Simultaneous Swap Regret Minimization via KL-Calibration¶

Conference: NeurIPS 2025 arXiv: 2502.16387 Code: None Area: Online Learning / Calibration Theory Keywords: Swap Regret, KL-Calibration, Proper Loss, Online Forecasting, Blum-Mansour Reduction

TL;DR¶

This paper introduces KL-Calibration as a stronger calibration measure, establishes its equivalence to the swap regret of log loss, and achieves a simultaneous swap regret bound of \(\tilde{\mathcal{O}}(T^{1/3})\) via non-uniform discretization and a novel randomized rounding scheme, covering a broader class of proper losses than prior work.

Background & Motivation¶

Online calibration is a central problem in sequential probability forecasting: a forecaster issues probability predictions \(p_t \in [0,1]\) at each time step while an adversary selects binary labels \(y_t \in \{0,1\}\), with the goal of making the empirical conditional distribution of predictions as close as possible to the true conditional distribution. Classical \(\ell_1\)-Calibration is known to admit a lower bound of \(\Omega(T^{0.54})\), precluding the ideal \(O(\sqrt{T})\) rate, whereas \(\ell_2\)-Calibration is achievable at \(\tilde{O}(T^{1/3})\).
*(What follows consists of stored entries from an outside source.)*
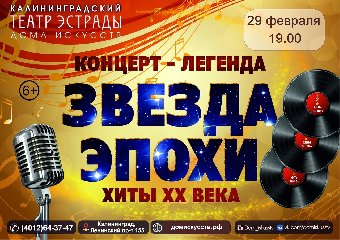 ХХ век подарил нашей стране и миру уникальную культуру эстрадного исполнительского мастерства и величайшие имена, вписанные в историю советской, российской и мировой музыки. Яркими красками незабываемых впечатлений и ощущений, которые запали в душу не одного поколения слушателей. Песни были рассчитаны на безупречное вокальное мастерство, поэтому на советской эстраде преобладали сольные певцы и певицы с потрясающими вокальными данными, а звучание их голосов заставляло замирать сердце и будоражило душу от первой ноты и до последнего аккорда. Концерт-легенда «Звезда эпохи» напомнит зрителям, возможно, слегка позабытые имена, подарит известным песням новое звучание и, конечно, наш дорогой зритель услышит любимые шлягеры.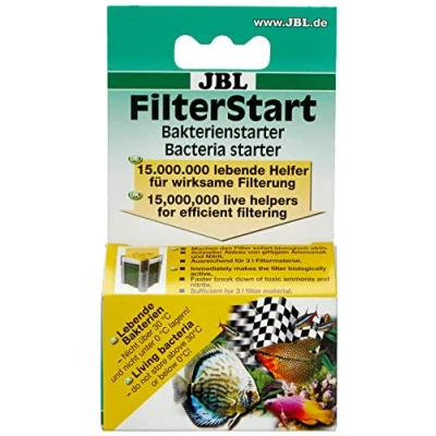 For aquarium water to suit both fish and plants: to biologically activate filters, setting up aquariums, for water changes and for re-establishing bacteria after fish diseases. For freshwater and marine aquariums, turtle and shrimp tanks For the use of new filters, after filter cleaning and the use of medication For a fast biological filter settling: breakdown of ammonium/ammonia and nitrite through highly active living bacteria Sufficient for 3 l filter material Contents: 1 pack Filterstart, 10 ml. Use: 10 ml/3 l filter material
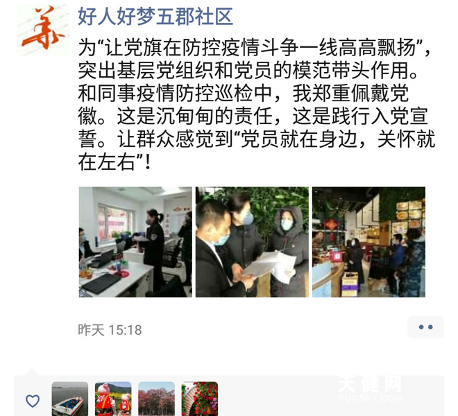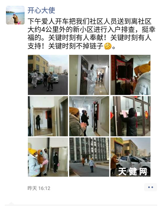 “下午爱人开车把我们社区人员送到离社区大约4公里外的新小区进行入户排查,挺幸福的,关键时刻有人奉献!关键时刻有人支持!关键时刻不掉链子!”

Key Challenge: Prior work (Fishelson et al.) establishes \(\tilde{O}(T^{1/3})\) pseudo swap regret only for squared loss, and only for proper losses with smooth univariate forms. Corresponding results for broader proper loss classes (e.g., log loss, Tsallis entropy) and for the actual swap regret (as opposed to its pseudo variant) remain absent.

Key Insight: The authors introduce KL-Calibration, replacing the \(\ell_2\) distance with the KL divergence to measure prediction bias. By Pinsker's inequality, KL-Calibration is strictly stronger than \(\ell_2\)-Calibration, so any upper bound on it automatically yields richer consequences. The key insight is that KL-Calibration is precisely equivalent to the swap regret of log loss.

Method¶

Overall Architecture¶

The paper establishes a unified derivation chain from KL-Calibration to swap regret across multiple proper loss classes:

Proving the equivalence between KL-Calibration and swap regret of log loss.
Using Bregman divergence analysis to show that KL-Calibration controls the swap regret of \(\mathcal{L}_2\) (second-order continuously differentiable univariate proper losses) and \(\mathcal{L}_G\) (\(G\)-smooth proper losses).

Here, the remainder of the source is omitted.